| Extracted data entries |
.....
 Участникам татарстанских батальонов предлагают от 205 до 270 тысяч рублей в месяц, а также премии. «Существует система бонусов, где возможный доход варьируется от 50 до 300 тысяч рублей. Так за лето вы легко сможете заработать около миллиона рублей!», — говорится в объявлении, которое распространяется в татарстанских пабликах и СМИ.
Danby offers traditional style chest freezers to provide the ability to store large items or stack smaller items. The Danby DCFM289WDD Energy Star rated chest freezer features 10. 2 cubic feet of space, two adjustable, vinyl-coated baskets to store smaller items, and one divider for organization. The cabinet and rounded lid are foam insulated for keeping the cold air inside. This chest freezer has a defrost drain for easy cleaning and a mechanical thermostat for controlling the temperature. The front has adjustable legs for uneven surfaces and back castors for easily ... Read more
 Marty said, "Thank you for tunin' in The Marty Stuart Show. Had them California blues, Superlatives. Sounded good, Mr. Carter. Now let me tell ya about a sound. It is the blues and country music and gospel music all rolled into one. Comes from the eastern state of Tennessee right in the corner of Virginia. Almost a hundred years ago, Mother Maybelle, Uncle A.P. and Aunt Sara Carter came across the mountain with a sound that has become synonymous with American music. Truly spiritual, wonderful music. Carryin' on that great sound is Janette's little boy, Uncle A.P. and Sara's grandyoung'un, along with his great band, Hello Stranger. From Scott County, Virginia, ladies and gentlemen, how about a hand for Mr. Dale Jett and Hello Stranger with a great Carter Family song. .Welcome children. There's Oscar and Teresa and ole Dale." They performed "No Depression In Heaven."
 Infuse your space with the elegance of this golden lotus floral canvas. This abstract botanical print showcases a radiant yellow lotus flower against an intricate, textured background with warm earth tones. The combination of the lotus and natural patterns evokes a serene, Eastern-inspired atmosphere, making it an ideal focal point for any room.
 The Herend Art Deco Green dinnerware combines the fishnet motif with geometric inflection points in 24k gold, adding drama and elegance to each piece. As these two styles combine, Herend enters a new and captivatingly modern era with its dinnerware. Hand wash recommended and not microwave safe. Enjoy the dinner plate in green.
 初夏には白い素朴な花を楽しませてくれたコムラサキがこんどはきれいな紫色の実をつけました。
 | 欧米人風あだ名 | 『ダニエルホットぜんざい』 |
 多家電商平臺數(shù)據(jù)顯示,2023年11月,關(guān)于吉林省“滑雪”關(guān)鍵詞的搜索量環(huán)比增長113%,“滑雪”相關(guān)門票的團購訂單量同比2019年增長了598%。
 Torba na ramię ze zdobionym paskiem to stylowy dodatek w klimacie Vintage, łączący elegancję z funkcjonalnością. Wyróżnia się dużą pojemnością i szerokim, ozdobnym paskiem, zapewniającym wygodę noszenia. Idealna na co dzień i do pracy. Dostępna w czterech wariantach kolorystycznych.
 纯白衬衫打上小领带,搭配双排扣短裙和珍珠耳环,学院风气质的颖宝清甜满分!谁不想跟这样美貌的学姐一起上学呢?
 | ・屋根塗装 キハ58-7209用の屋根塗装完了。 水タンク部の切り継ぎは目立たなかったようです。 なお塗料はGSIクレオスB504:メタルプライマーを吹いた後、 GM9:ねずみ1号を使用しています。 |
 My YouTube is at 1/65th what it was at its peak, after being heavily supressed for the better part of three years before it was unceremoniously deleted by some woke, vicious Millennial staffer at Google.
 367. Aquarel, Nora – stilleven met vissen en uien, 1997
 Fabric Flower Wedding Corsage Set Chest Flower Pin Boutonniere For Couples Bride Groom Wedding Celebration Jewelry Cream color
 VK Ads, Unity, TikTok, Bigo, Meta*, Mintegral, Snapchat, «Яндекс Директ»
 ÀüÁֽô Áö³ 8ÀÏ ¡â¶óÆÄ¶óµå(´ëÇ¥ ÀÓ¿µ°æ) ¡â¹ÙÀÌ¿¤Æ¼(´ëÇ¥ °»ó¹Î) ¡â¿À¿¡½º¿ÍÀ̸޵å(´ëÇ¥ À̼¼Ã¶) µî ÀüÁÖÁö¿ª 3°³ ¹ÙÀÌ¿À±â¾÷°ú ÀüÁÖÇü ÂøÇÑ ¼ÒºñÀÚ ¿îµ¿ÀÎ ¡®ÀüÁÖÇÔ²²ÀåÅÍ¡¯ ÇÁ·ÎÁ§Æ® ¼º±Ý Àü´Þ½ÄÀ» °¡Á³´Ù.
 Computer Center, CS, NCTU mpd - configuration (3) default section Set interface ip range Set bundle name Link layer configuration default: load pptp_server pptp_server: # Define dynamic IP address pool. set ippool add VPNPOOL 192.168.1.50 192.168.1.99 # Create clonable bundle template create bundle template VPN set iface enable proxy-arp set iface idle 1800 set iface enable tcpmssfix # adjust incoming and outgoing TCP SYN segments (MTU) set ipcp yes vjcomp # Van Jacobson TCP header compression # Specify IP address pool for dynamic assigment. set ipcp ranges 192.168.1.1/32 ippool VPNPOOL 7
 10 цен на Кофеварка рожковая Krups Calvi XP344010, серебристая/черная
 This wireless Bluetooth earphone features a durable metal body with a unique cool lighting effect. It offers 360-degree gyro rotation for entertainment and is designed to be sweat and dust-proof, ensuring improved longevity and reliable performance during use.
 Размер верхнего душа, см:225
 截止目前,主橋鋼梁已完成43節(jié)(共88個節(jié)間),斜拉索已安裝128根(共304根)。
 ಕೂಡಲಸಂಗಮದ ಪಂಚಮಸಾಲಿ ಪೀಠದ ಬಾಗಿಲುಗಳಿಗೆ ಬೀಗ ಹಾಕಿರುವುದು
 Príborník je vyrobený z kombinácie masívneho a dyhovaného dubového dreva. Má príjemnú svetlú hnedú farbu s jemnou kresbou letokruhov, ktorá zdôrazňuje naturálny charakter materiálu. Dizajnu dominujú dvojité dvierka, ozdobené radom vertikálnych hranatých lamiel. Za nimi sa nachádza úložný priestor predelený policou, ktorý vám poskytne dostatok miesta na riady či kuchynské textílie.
.....
| What needs to be done |
Your answer should consist only of the number of lines in the entries above that include "offers".

| Answer box |
2